■ **Work item**: Below are several entries. Transcribe exactly those lines that fall from the one with "向日葵のブーケに負けないくらいお二人の明るい笑顔が素敵です✿" through the one with "2018年对下专项转移支付项", end lines included.

■ **Material shown**:
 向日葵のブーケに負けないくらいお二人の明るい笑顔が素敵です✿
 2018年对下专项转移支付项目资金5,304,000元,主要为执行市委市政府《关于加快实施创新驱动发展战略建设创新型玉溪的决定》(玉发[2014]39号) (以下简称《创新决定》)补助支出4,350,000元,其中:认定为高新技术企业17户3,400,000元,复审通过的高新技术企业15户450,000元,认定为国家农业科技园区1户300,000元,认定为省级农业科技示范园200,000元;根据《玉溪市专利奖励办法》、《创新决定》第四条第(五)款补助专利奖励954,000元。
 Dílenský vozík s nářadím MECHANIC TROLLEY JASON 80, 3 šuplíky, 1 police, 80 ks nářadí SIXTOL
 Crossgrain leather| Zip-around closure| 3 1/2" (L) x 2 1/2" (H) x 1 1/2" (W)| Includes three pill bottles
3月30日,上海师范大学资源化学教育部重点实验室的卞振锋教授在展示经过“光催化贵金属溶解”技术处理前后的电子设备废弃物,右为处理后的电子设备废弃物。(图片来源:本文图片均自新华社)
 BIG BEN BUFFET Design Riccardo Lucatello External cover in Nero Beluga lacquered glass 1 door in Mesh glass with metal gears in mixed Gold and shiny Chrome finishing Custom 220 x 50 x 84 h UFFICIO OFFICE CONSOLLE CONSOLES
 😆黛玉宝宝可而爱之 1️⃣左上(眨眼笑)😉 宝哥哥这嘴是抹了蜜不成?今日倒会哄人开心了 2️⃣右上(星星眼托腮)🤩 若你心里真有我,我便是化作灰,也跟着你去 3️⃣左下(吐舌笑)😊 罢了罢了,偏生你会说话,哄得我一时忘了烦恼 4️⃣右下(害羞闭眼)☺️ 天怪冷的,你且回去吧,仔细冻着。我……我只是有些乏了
...
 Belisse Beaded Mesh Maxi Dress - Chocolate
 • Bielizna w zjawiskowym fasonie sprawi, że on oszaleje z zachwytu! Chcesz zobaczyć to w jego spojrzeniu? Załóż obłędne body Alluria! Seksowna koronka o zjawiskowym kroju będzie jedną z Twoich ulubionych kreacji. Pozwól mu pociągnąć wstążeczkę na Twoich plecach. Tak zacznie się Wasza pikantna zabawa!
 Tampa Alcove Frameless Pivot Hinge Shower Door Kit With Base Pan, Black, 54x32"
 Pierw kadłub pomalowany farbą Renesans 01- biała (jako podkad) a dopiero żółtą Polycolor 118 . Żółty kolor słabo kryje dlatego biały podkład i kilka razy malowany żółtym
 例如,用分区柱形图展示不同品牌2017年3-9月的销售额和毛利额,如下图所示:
--
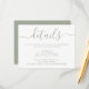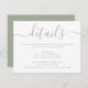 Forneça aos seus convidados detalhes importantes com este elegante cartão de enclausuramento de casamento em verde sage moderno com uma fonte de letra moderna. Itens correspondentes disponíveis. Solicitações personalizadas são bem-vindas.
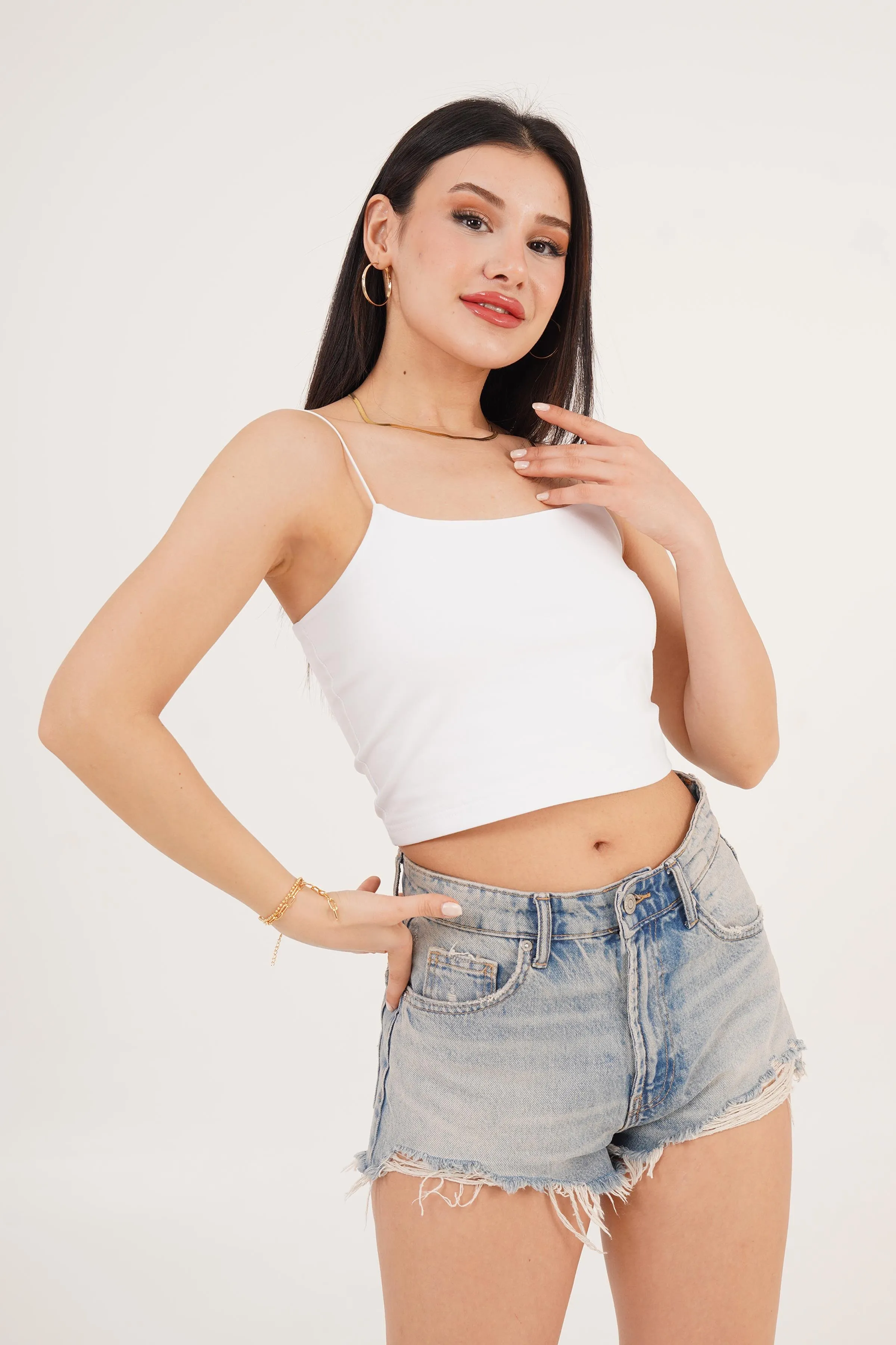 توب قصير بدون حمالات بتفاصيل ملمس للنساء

■ **Solution below**:
 向日葵のブーケに負けないくらいお二人の明るい笑顔が素敵です✿
 2018年对下专项转移支付项目资金5,304,000元,主要为执行市委市政府《关于加快实施创新驱动发展战略建设创新型玉溪的决定》(玉发[2014]39号) (以下简称《创新决定》)补助支出4,350,000元,其中:认定为高新技术企业17户3,400,000元,复审通过的高新技术企业15户450,000元,认定为国家农业科技园区1户300,000元,认定为省级农业科技示范园200,000元;根据《玉溪市专利奖励办法》、《创新决定》第四条第(五)款补助专利奖励954,000元。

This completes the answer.